In market trading immediately following the Supreme Court decision’s 6-3 ruling against upstart video-streaming platform Aereo, broadcast companies big and small had a banner day. While the ruling by the country’s highest court does not spell the death of illicit video-on-demand platforms, it did allow the old guard to breathe a sigh of relief and buy them time to figure out their next move.
Mega-giant CBS (CBS) scored big in the aftermath, rising 5.8 percent in value on the heels of the Supreme Court ruling against Aereo. While the major players who initially brought the suit, which included CBS, FOX (NWSA) , NBC (CMCSA) , and ABC (DIS) , and Spanish language Univision – were obvious beneficiaries, so were the smaller components that make up the rest of the traditional media sector. Particularly the conglomerates who own the various local affiliates of the Big Four and are much more directly affected by decisions affecting TV viewership than their well-diversified parent companies.

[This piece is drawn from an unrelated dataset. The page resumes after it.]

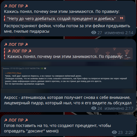 > пока докс Акросса Да ля, забейте, Двачеры. Если это всё ограничивается лишь той попыткой запугнуть меня, то в целом похуй. Чисто момент с которого можно только покекать - не более

Sinclair Broadcast Group (SBGI) and Nexstar Broadcasting Group (NXST) gained 14.3 percent and 13.88 percent, respectively, leading the sector’s charge. Media General (MEG) and Journal Communications (JRN) also saw share rise significantly on the day’s action.
Another notable beneficiary of the Supreme Court’s decision was Gray Television (GTN) , a conglomerate that owns several local affiliates scattered throughout the Midwest and Southeastern US regions. Gray Television is an Equities.com Small-Cap Stars, noted by our analysts for possessing unusually strong fundamentals that are often indicative of a chance for future growth. Gray rose 8.35 percent on the day to hit $12.20 a share.
In 2013 Gray Television was the best performer in the entire Services sector compenent of the Small-Cap Stars index, more than doubling in value over the course of the year. The favorable ruling certainly looks to bolster their station's Nielsen numbers, and thus revenue, in the near future.
Reading the Static
The Supreme Court siding with TV over video streaming is certainly a moral victory for the establishment, but by no means signals the end of video-streaming upstarts. It does, however, give deep-pocketed old media space to figure out how to take advantage of the sea change in how content is consumed, while simultaneously forcing new media like Aereo back to the drawing board.
Aereo lacks a “Plan B,” according to Aereo CEO Chet Kanijia. One option that is open to Aereo is to adopt the “if you can’t beat ‘em, join ‘em” strategy. Aereo’s technology is what frightened the broadcast industry. The Supreme Court did not being the hammer down on Aereo's video-sharing platform technology, but merely asserted that said platform violated US copyright law.
This leaves open the possibility that a broadcast company could eventually acquire Aereo, and thus take advantage of the technology favored by an increasingly larger swath of the populace, all while neutralizing a potentially disruptive former foe.
Barring the simultaneous retirement of two Supreme Court justices the court's 6-3 vote looks to stand for some time. Whether Aereo subsequently withers or is subsumed by a larger broadcast rival, in either scenario TV looks to be the clear winner. Investors will have to stay tuned to see exactly what move they make next. But aside from sitting on the couch and doing nothing at all, for the time being the establishment looks to remain as such.
As long as both the networks like CBS and affiliate owners like Gray can continue to bring in solid revenues, their futures look far less threatened than before. Media issues lawyer John Hanes told the Wall Street Journal that the ruling "is good for everybody whose business is in creating and distributing content legitimately,” and for big and small companies alike, the market has definitely agreed.